This example is for water injection of a low-permeability oil reservoir. The reservoir is isotropic as the permeabilities in the X, Y, and Z directions are the same. The Corey model was used for the relative permeability curve for both matrix and fracture. Peaceman’s model was applied to calculate the well indices. The detailed reservoir and fluid properties are summarized in Table 1.
Figure 5 shows the well oil production rates and the cumulative oil production of different models. The results of EDFM and DFM are highly consistent in these plots, and the dual-porosity model is significantly different among these methods, while curves from the hybrid EDFM-DPDP method are between that from dual-porosity and DFM methods, indicating that EDFM improves the accuracy and verifying of the the EDFM. The upscaling method and grid refinement are considered as other ways to improve accuracy of the dual-porosity model. In this study, we also run five cases with different upscaling methods (Oda method and flow-based method with different boundaries: linear, constant pressure, no-flow, and periodic) and three cases with different grid sizes from 5 to 20 for dual porosity. The comparison among different upscaling methods with the EDFM method is shown in Figure 6. Figure 6a indicates that different upscaling methods reach similar results for water flooding, and Figure 6b shows the difference between the Oda method and other upscaling methods for gas flooding. Meanwhile, the figure also shows a significant difference between these upscaling methods and EDFM.
Capillary pressure plays an important role in fractured reservoir. In this study, different methods with capillary pressure for water flooding are studied. As shown in Figure 7, the difference between EDFM and DP methods is about 3.5–4.0%. While the difference is 1.5% between EDFM and hybrid EDFM and DP methods.
Figure 8 shows the cumulative oil and time consumption vs. different models. We can find that the refinement grid from 20 to 5 m for the dual-porosity model doesn’t improve accuracy in this study, and time consumption increases from 25 to 2927 s when grid number increases from 5000 to 16,000 in the DP models. The figure also points out that DFM consumes 4322 s, EDFM takes 268 seconds, and the hybrid EDFM-DPDP method takes 55 s. All of the simulations were performed on a 2.6 GHz, Intel CoreDuo CPU. The time consumption of the hybrid EDFM-DPDP method is only 1/80 that of the DFM method and 1/5 that of the EDFM method. From the study, we conclude that EDFM maintains accuracy and saves CPU time.

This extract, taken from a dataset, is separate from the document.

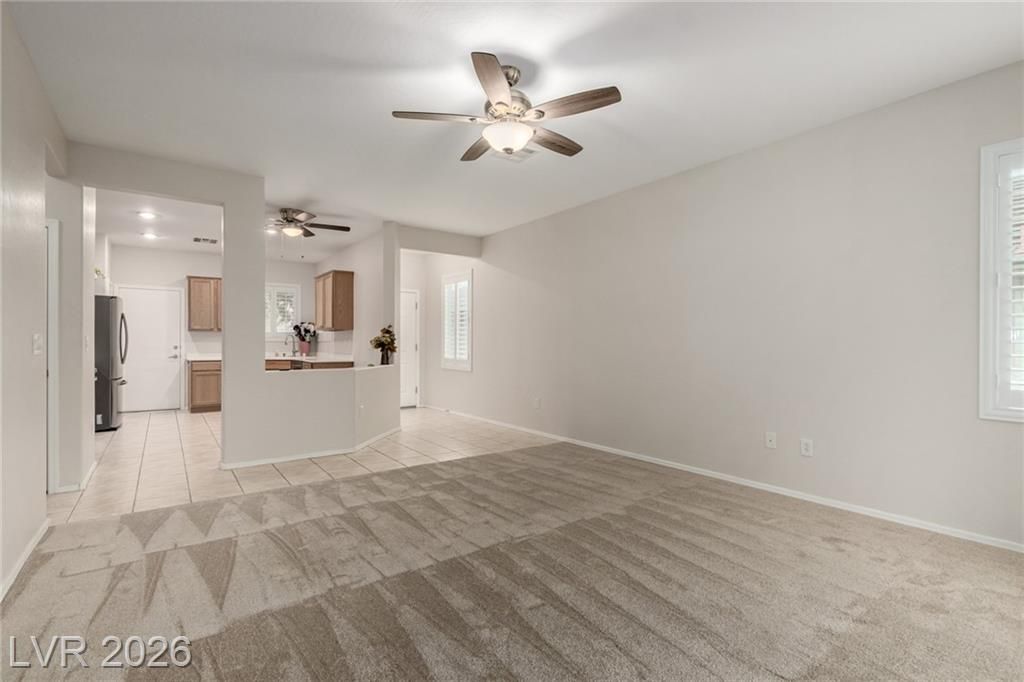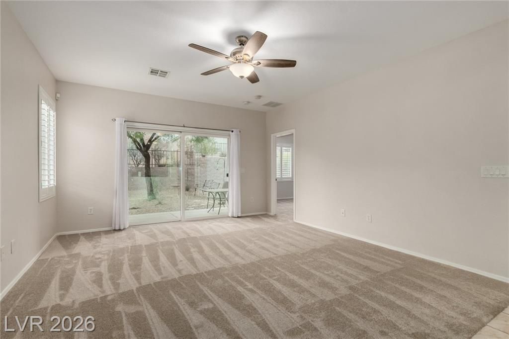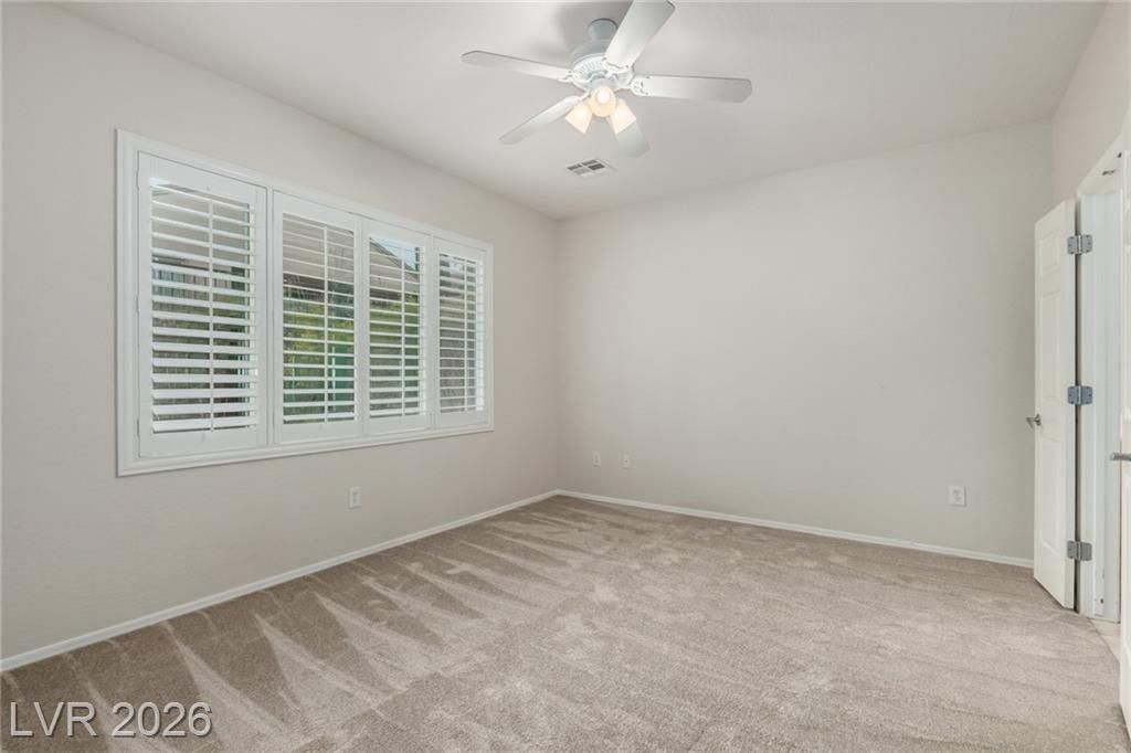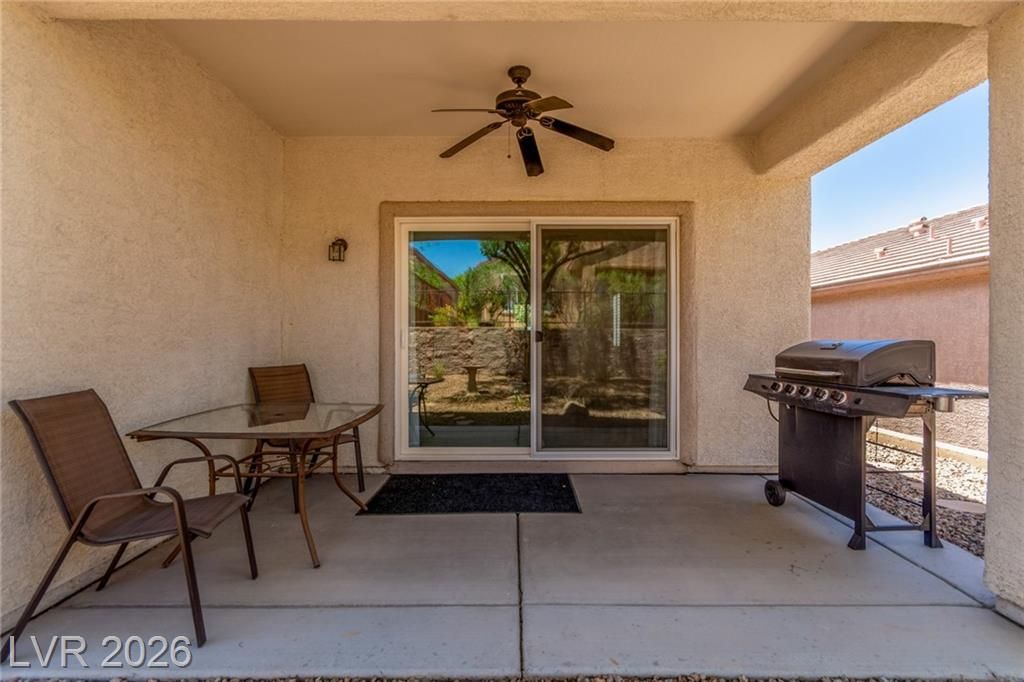 Move in ready! Beautiful 2 Bedroom - 2 Bath, 2 car Lewis floor plan. This well maintained home features exquisite curb appeal highlighting a stone veneer elevation and manicured landscape. The interior features an open-concept design that flows seamlessly from the kitchen into the living room offering perfect functionality. The kitchen boasts stainless steel appliances, a pantry, plenty of cabinet storage and dual windows over the sink. The stylish textured walls & ceiling, tile flooring and elegant shutters throughout the house creates a warm ambiance. The spacious primary suite features a ceiling fan, an en-suite bathroom with a large shower, dual sinks and a spacious walk-in closet. Enjoy your peaceful and tranquil backyard year around with a recessed covered patio, fan, BBQ and plenty of shade from the trees. Additional features include a 2 year old HVAC, H2O Softener and New carpet & padding. The 55+ community in Solera at Anthem is a wonderful place to call home!

4. Comprehensive Sensitivity Studies

There is high uncertainty in shale oil formations because of many uncertain parameters, such as reservoir permeability, fracture half-length, number of fractures, and fracture conductivity. In addition, parameters related to CO2 huff-and-puff are also uncertain, such as CO2 injection rate, injection time, and soaking time, and the number of cycles of CO2 huff-and-puff. Accordingly, in the subsequent simulation study, we perform a series of simulations to investigate the impacts of these uncertain parameters related to the CO2 huff-and-puff process.

4.1. Reservoir Model

As shown in Figure 9, a base model is constructed to perform simulation studies for a single horizontal well with natural fractures and multiple hydraulic fractures in a shale oil reservoir. Several reservoir and fracture parameters are analyzed, including natural fracture permeability, hydraulic fracture permeability, hydraulic fracture half-length, hydraulic fracture stages, and so on.
The parameters assumed for the model are summarized in Table 2. The properties of the components used for the simulation studies are shown in Table 3.
In huff-and-puff recovery, we maintain injection pressure to be higher than the minimum miscibility pressure. In this study, the minimum miscibility pressure is estimated to be 3000 psi based on experiment and slim-tube simulation. Therefore, well BHP is set to 4000 psi during production and well BHP is set to 6000 psi during the CO2 injection. During the injection process, pure CO2 is injected into the reservoir. Specifically, the well pressure is fixed at 4000 psi from day 1 to 300 to carry out primary recovery. Then, the well is operated as an injection well from day 301 to 360 at a fixed pressure of 4000 psi. During this period, pure CO2 is injected into the reservoir. From day 361 to 390, the well is closed, letting the CO2 mix with oil in the reservoir. From day 391 to 480, the well is reopened to produce hydrocarbons at a fixed pressure of 4000 psi. The same CO2 huff-and-puff steps are repeated until day 1200, giving rise to five cycles of CO2 huff-and-puff. Detailed steps are listed in Table 4.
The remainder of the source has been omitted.